Task to complete | Taking the data below, please print only the lines from the line holding "Удобная кровать с" to the line holding "Крепежные элементы и", inclusive, with pictures omitted.

Data to process |
----
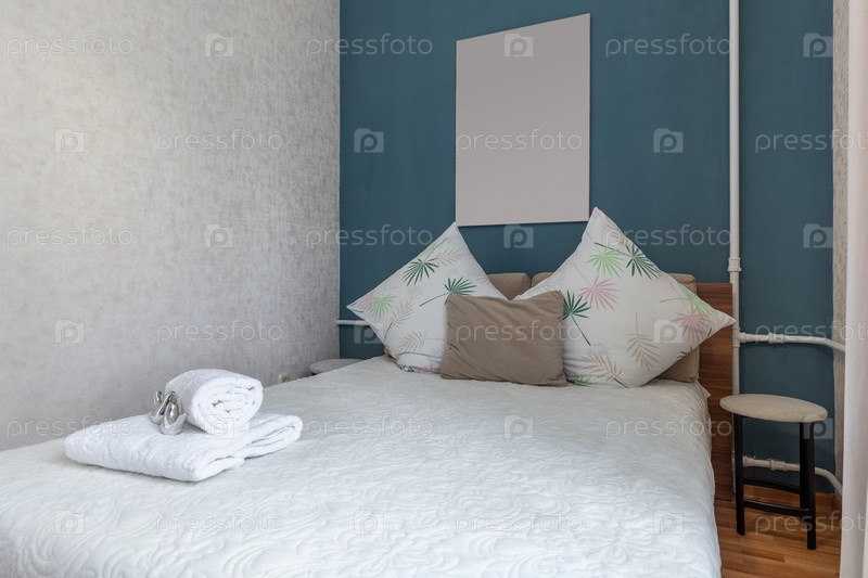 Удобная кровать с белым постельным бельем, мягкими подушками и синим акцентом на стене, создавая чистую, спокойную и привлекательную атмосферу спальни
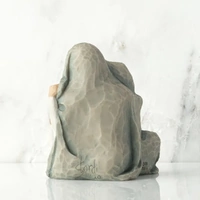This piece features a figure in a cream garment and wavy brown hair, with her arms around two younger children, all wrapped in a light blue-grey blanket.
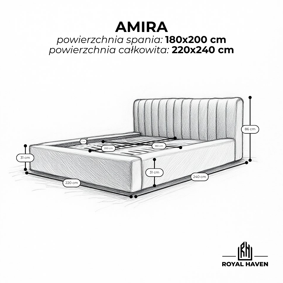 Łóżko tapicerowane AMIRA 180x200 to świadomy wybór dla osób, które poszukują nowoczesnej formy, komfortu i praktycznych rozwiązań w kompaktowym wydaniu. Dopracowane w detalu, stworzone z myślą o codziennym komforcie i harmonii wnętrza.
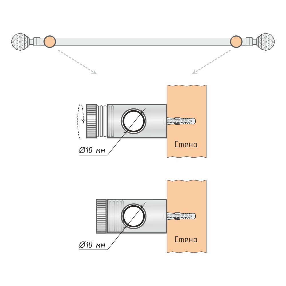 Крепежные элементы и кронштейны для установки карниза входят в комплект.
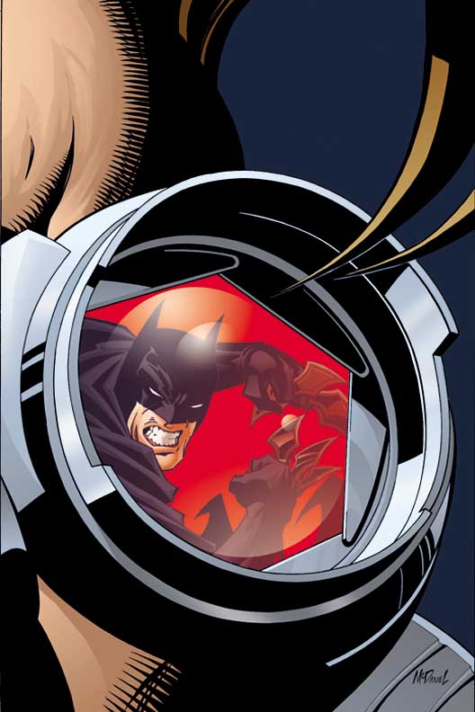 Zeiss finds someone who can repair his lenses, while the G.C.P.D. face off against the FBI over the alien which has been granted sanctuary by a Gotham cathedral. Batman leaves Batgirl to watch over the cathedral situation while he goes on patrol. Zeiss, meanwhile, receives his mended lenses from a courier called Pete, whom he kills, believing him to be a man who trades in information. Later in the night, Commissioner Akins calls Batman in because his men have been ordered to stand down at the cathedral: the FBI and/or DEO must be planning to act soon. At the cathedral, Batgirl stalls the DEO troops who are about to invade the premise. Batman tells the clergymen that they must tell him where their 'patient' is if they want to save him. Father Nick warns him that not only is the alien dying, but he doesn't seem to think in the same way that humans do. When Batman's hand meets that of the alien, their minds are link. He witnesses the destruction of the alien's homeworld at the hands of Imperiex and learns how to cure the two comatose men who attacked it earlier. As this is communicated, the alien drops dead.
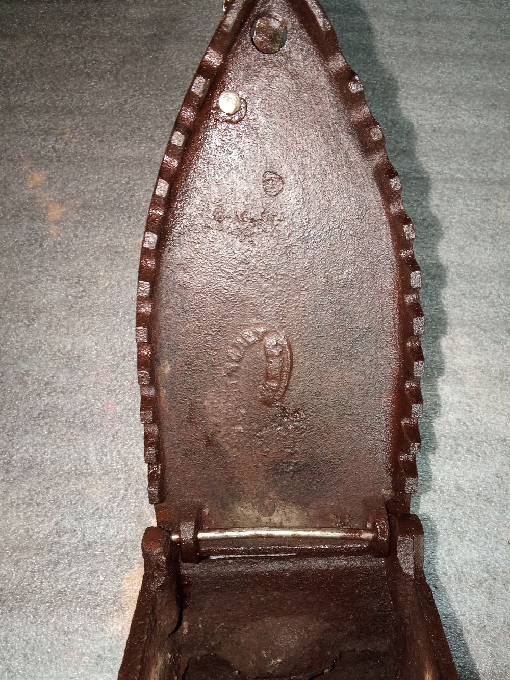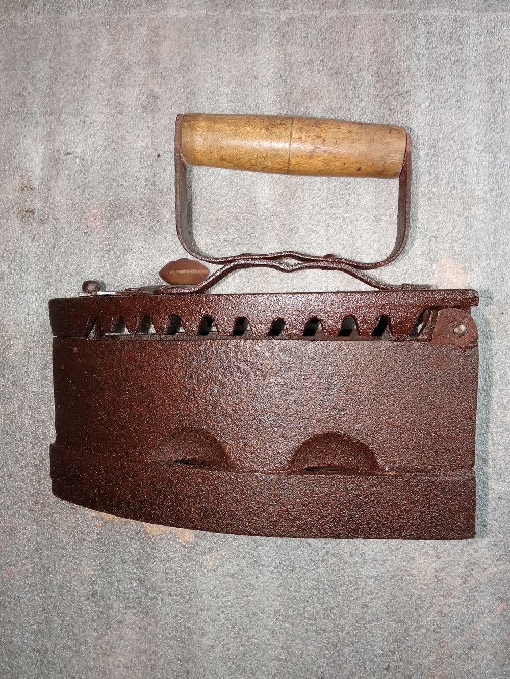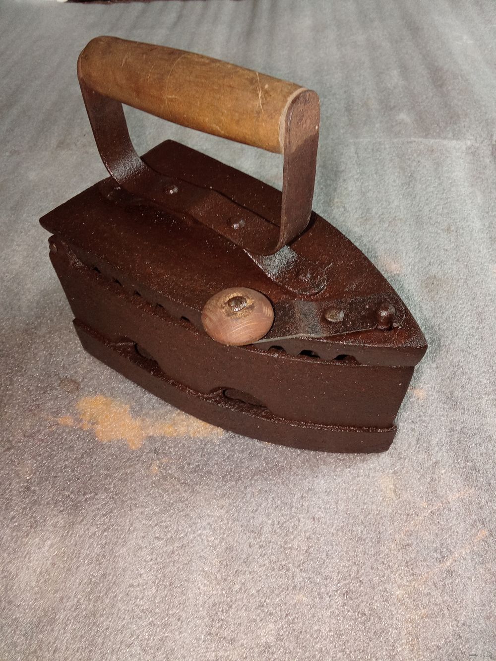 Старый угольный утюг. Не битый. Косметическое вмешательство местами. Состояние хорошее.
----
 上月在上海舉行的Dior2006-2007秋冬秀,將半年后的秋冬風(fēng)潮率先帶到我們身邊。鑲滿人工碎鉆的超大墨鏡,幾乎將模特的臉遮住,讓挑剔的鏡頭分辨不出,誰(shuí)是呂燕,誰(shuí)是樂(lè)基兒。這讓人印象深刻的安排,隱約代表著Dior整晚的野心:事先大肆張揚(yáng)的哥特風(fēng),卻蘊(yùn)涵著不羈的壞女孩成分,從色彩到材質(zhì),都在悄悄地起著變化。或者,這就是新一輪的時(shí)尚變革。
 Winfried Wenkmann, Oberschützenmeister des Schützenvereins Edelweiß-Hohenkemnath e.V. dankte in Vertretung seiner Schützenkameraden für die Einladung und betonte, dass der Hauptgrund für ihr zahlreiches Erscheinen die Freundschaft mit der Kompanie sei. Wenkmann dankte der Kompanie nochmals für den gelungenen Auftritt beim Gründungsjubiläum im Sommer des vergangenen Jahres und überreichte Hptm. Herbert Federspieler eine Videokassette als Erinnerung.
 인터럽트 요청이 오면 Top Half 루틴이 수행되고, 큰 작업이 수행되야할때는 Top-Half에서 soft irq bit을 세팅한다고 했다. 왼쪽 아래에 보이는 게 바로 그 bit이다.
----
Task output |
 Удобная кровать с белым постельным бельем, мягкими подушками и синим акцентом на стене, создавая чистую, спокойную и привлекательную атмосферу спальни
This piece features a figure in a cream garment and wavy brown hair, with her arms around two younger children, all wrapped in a light blue-grey blanket.
 Łóżko tapicerowane AMIRA 180x200 to świadomy wybór dla osób, które poszukują nowoczesnej formy, komfortu i praktycznych rozwiązań w kompaktowym wydaniu. Dopracowane w detalu, stworzone z myślą o codziennym komforcie i harmonii wnętrza.
 Крепежные элементы и кронштейны для установки карниза входят в комплект.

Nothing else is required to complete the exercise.